Rasburicase toxicity

Answer 20

hemolysis in GGPD deficient patients, methemoglobinemia, acute renal failure and anphylaxis have been observed.

Question 21

Uricosuric agent (probenecid) and sulfinpyrazone MoA

Answer 21

competitively inhibit active reabsorptino of urate by primarily URAT-1 in the proximal tubule of the nephorn to increase urate excretion. Low dose only inhibit active secretion ( a more sensitive system) of urate to cause UA rentention.

Question 22

Uricosuric agent (probenecid) and sulfinpyrazone Toxicity

Answer 22

GI irritation with aggravation of peptic ulcere (sulfinpyrazone > probenecid)

uricosuric agents increase the UA concentration in urine by inhibiting reabsoprtion.
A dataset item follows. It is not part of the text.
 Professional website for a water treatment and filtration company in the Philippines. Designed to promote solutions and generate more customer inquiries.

To minimize intrarenal urate stone formation, fluid intake should be increased and the urine can be alkalinized (bicarbonate) when initiating therapy.
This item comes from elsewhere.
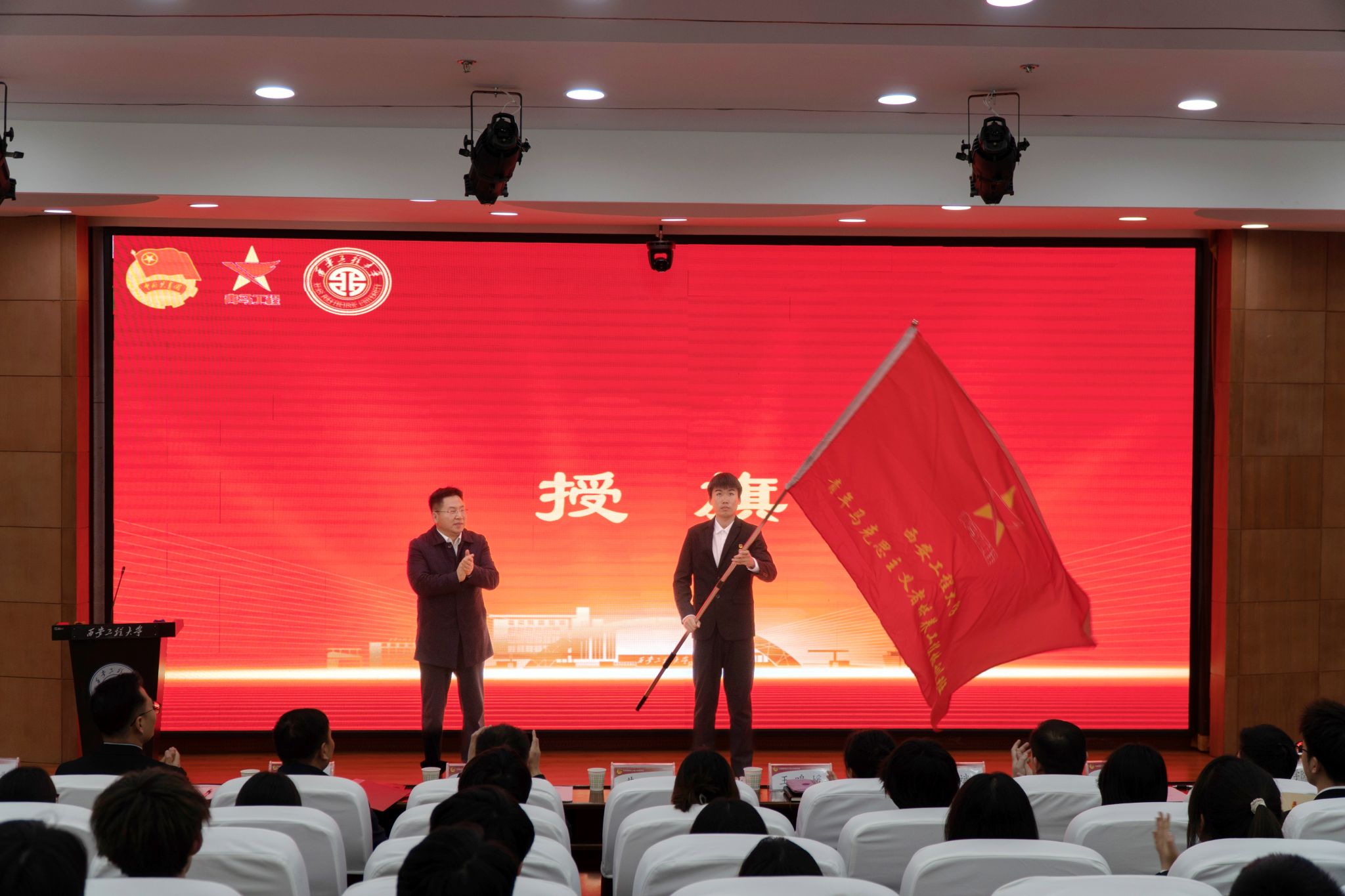 12月19日,PP电子在临潼校区图书馆一楼报告厅举行2024年青年马克思主义者培养工程培训班开班仪式。校党委副书记井浩出席仪式并讲授思政课。党委宣传部、学生工作部、研究生工作部、校团委等部门负责人及各学院团委书记、辅导员、196名青马工程培训班学员参加仪式。金花校区西纺报告厅设置分会场同步直播。开班仪式由校团委副书记凌旭主持。井浩为本次培训班授旗,并以“听党话、跟党走,做新时代坚定的马克思主义者”为题为参训学...

Although less frequently than allopurinol, uricosuric agents may precipitate an acute attack of gout and colchicine or an NSAID may be used prophylactically when initiating therapy

Question 23

Uricosuric agent (probenecid) and sulfinpyrazone: terapeutic

Answer 23

chronic gout

hyperuricemic states

sulfinpyrazone has been shown to decreased platelet aggregation and is an experimental agent in the prophylactic treatment of myocardial infarction

sulfinpyrazone not available in US

Benzbromarone: increases urate excretion without urate retention. maybe used in patients with decreased renal function or paitnets allergic to probenecid or sulfinpyrazone. In use in europe.

Question 24

NSAIDS

Answer 24

effective to decrease inflammation (excepte acetaminophen) and reduce pain in acute attacks of gout. Although NSAIDS are effective, indomethacin, naproxen and sulindac are the only FDA approved NSAIDS to treat acute attacks of gout. Aspirin should be avoided in gout patients because at normal doses, aspirin decrease urate secretion d at high doses aspirin increase the risk of renal calculi. In acute attacks of gout, NSAIDS or glucocorticoids may be preferred to colchiicine in elderly paitnets with cardiac, renal or GI disease

Question 25

Glucocorticoids

Answer 25

used for acute gout when other conventional therapies fail to control an acute attak or in elderly paitents where colchicine should be avoided.